> **Assigned task**
From the line that holds "ウエスタンバックルポインテッドパンプス/51327 - ベージュ / 34/22.0cm" down to the last line of the listing below, transcribe exactly and only those lines. Leave pictures out.

**** Data excerpt ****

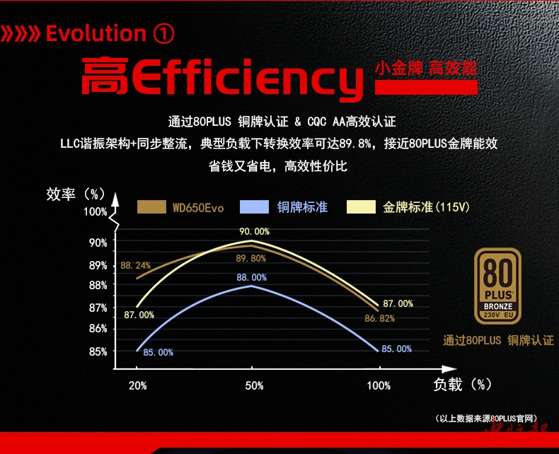 我们可以看出航嘉WD650Evo双认证铜牌电源品质相当优秀。产品采用34mm封闭式PFC,具有增强抗干扰能力,可以有效降低磁损耗。金牌架构,LLC谐振+同步整流SR+DC-DC数字稳压设计,电压精度高,进一步保证了能效比,产品各路输出更稳定。
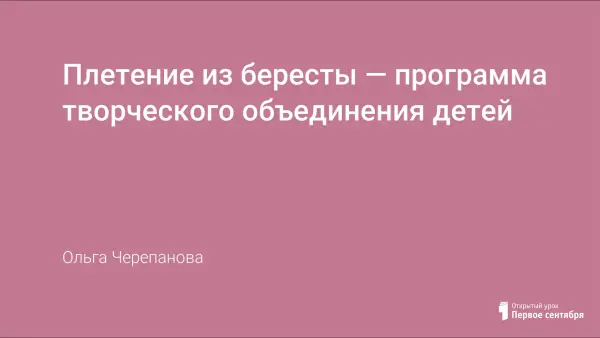 Предлагаемая программа знакомит детей с правилами сбора, хранения и обработки бересты, обучает приемам плетения из бересты, воспитаывает уважение к традиционным русским промыслам. Рассчитана на 72 часа. В содержании программы присутствует четкое разделение на теоретические и практические занятия.
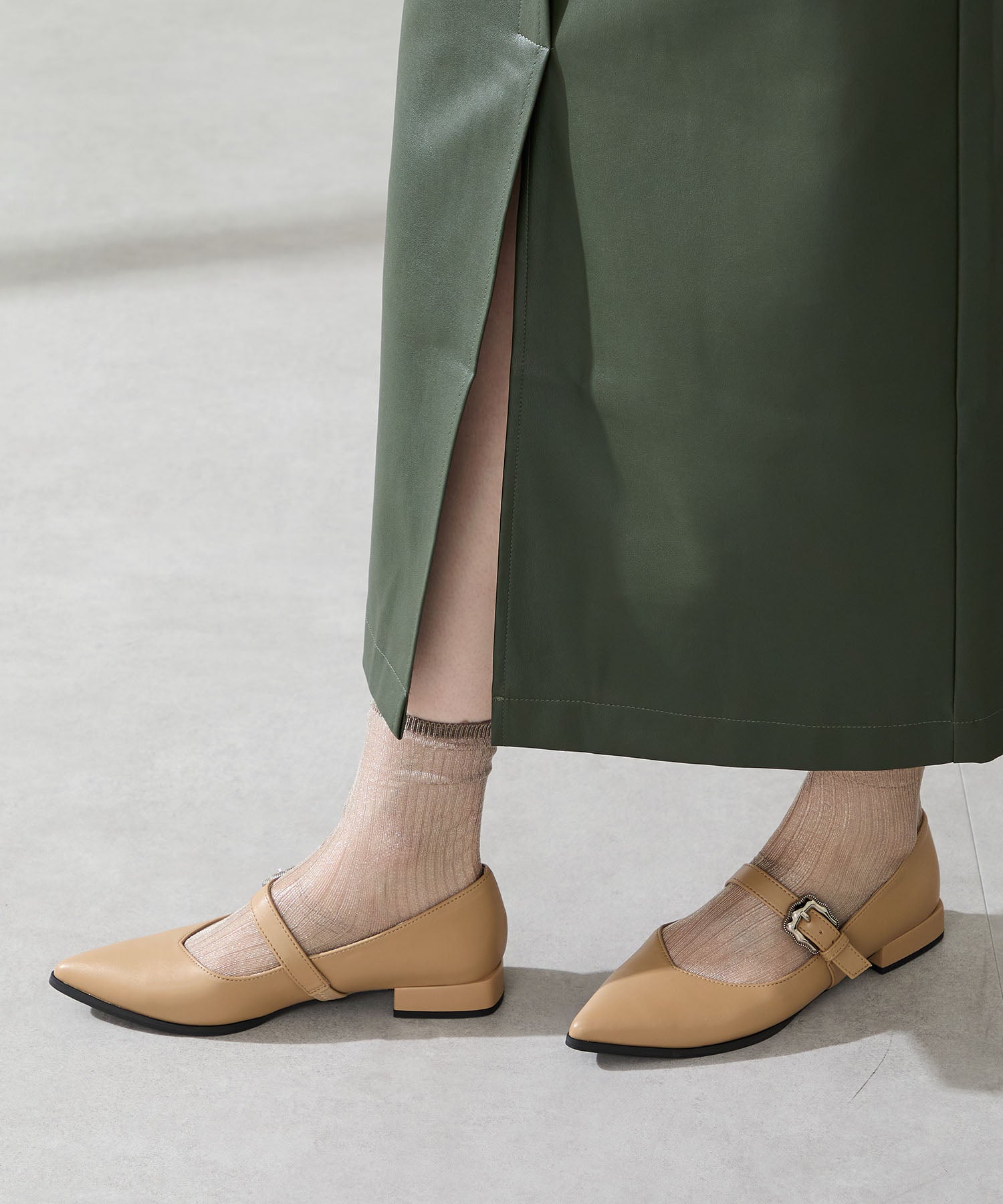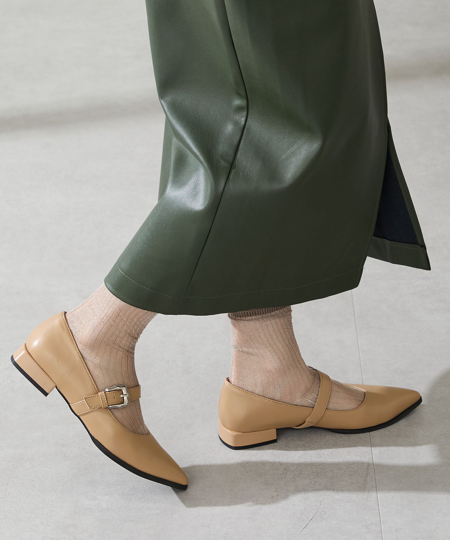 ウエスタンバックルポインテッドパンプス/51327 - ベージュ / 34/22.0cm
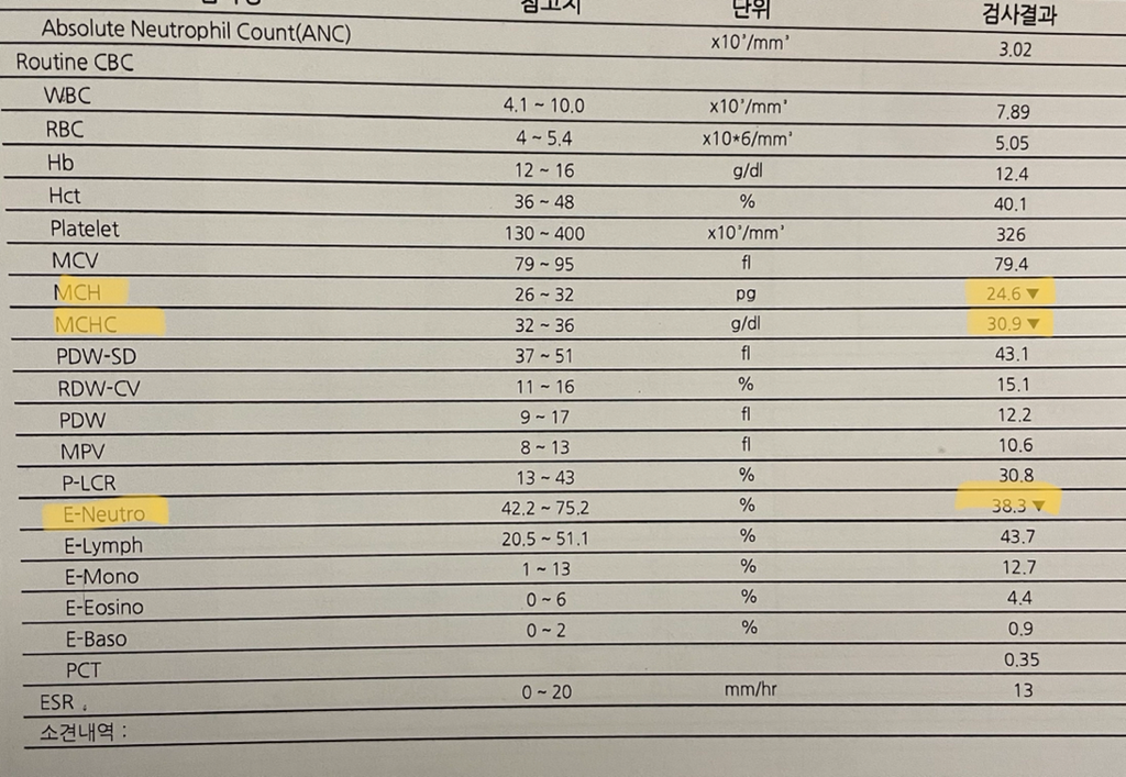 MCHC나 MCH는 적혈구와 관련이 있으며 빈혈이 있을 경우 빈혈의 원인을 감별하는데 유용하며 단독으로는 큰 의미는 없습니다. 또한 neutro는 백혈구 분획으로 감염시 상승할 수 있으나 역시 임상 상황과 연관이 필요합니다.

****

> **Exercise result**
 ウエスタンバックルポインテッドパンプス/51327 - ベージュ / 34/22.0cm
 MCHC나 MCH는 적혈구와 관련이 있으며 빈혈이 있을 경우 빈혈의 원인을 감별하는데 유용하며 단독으로는 큰 의미는 없습니다. 또한 neutro는 백혈구 분획으로 감염시 상승할 수 있으나 역시 임상 상황과 연관이 필요합니다.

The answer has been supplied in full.